Lyric discussion by tcthomas4 

Cover art for Five Steps lyrics by Davenports, The

This is an extremely powerful song. It has personal meaning to me, and I speak from personal experience, so I may be biased. But... This song is about the 5 steps of grief, and about drugs, though neither is really the subject matter. It was well placed on South Parks Intervention episode.

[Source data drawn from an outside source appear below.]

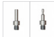
Adaptor, 06894700, 06895000 For W&H air scaler tips. For W&H Piezo and Prophylaxis tips. Can be connected to A813.
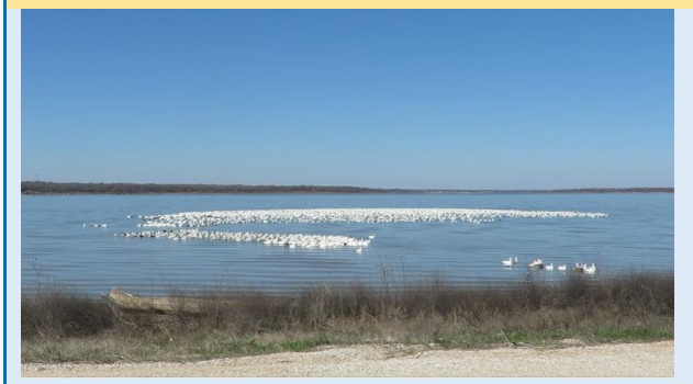
CLICK ON PHOTO TO OPEN VIDEO WITH SOUND Ross' Geese and Snow Geese
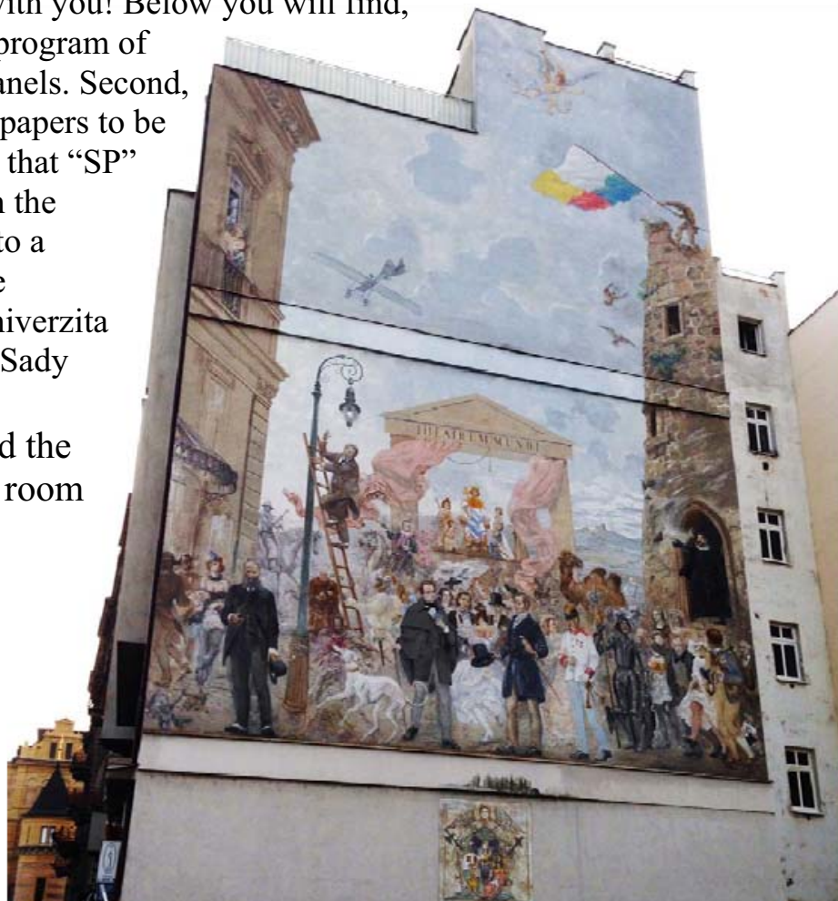
Theatro Mundi depicting famous citizens of Plzeň
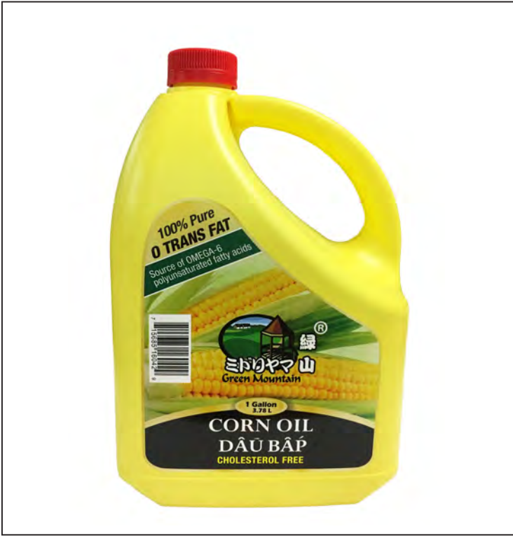
16042 4X1.0GAL. GREEN MOUNTAIN CORN OIL
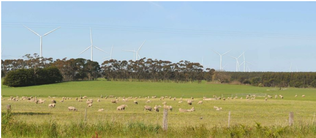
Photomontage of the proposed Willatook Wind Farm, from the Hamilton-Port Fairy Road, north of Orford.

An Environment Effects Statement Referral (EES Referral), based on the current proposed 83 wind turbine layout, has been lodged with the Minister for Planning. This will establish the need for an Environment Effects Statement. Further information on this process is provided below.
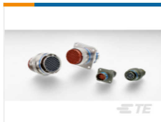
TE Part #YAFD50-8-33SNC1270 RECP ASSY
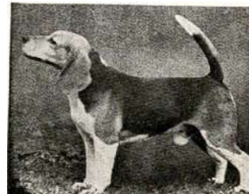
Am CH C S Robin
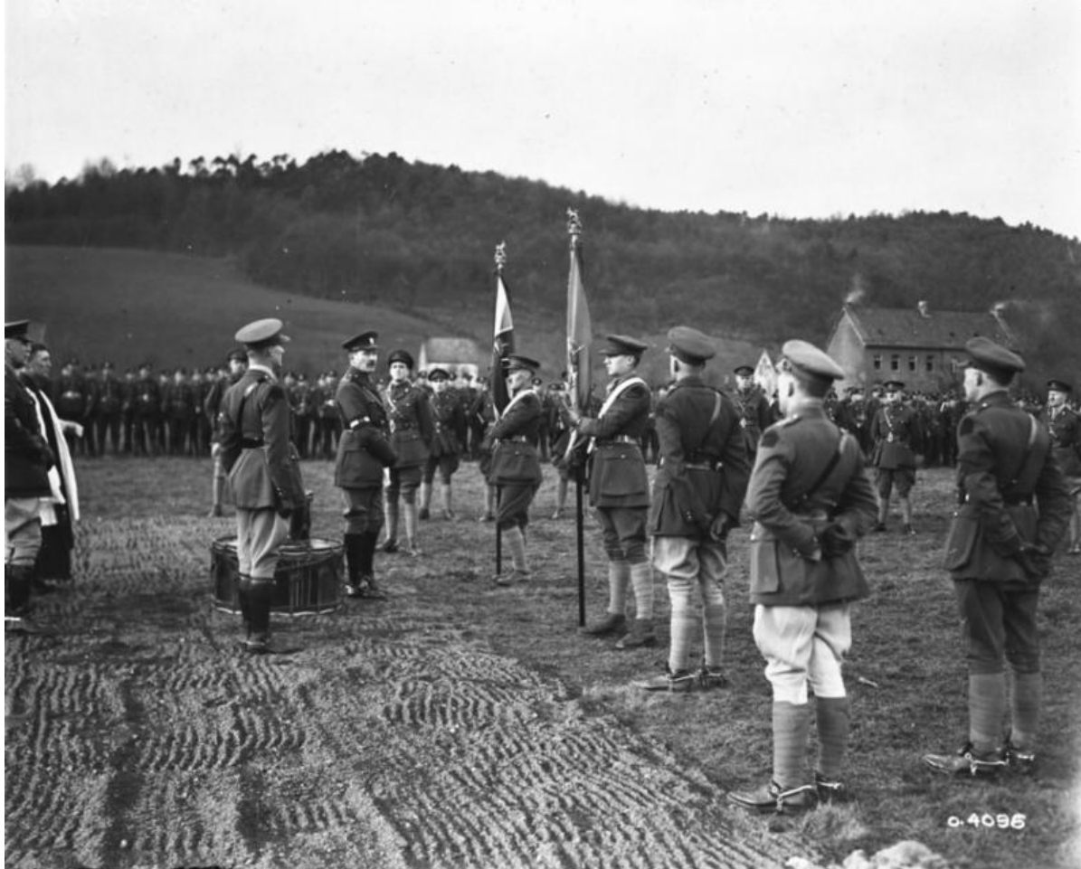
Presentation of Colours by H.R.H. Prince Arthur of Connaught, 04 January 1919 at Unter Eschbach, Germany.
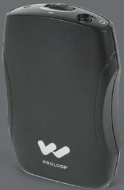
Loop Receiver PLR Bp1
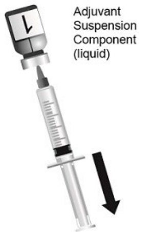
Figure 1. Cleanse both vial stoppers. Using a sterile needle appropriate for administering a vaccine intramuscularly and a sterile syringe, withdraw the entire contents of the vial containing the Adjuvant Suspension Component (liquid) by slightly tilting the vial. Vial 1 of 2.

"Veins swell" - He is a drug addict. "You know me, Ellen, enough to tell" - Assuming Ellen is his girlfriend, and she knows of his addiction. She does not approve and can tell when he is high. "Five steps and you're over." - His way of saying I would rather go through the grief of losing you than quit drugs. "Quick cut, Make your move, deliberate" - She makes an ultimatum, quit drugs or I'm leaving you. "No reprimand Deliberate, demand" - No further words or arguing, she is going to leave him now. "With your two feet at hand" - His response, You have two feet, get up and leave. "Get back This train's a comin' down the track" - And now he is going to get high.

Five steps you're over - Very powerful line. I will get over you in 5 easy steps. Much easier than quitting drugs.

tcthomas4 - I think you've hit the meaning dead on. Thanks for some great insight into this song.

Uh no, your not hitting the meaning dead on. First of all the first line is not Ellen, the first line is "Veins swell, you know me well enough to tell". So before you take a beautiful inspirational song and turn it into a song about a guy choosing drugs over a female learn the words!!

You are wrong Laura. "The correct lyric IS "you know me, Ellen..." Thanks for listening. (Scott from The Davenports)" So before you go off on somebody for their opinion, why not learn the real lyrics and not the wrong lyrics posted on some site on the Internet?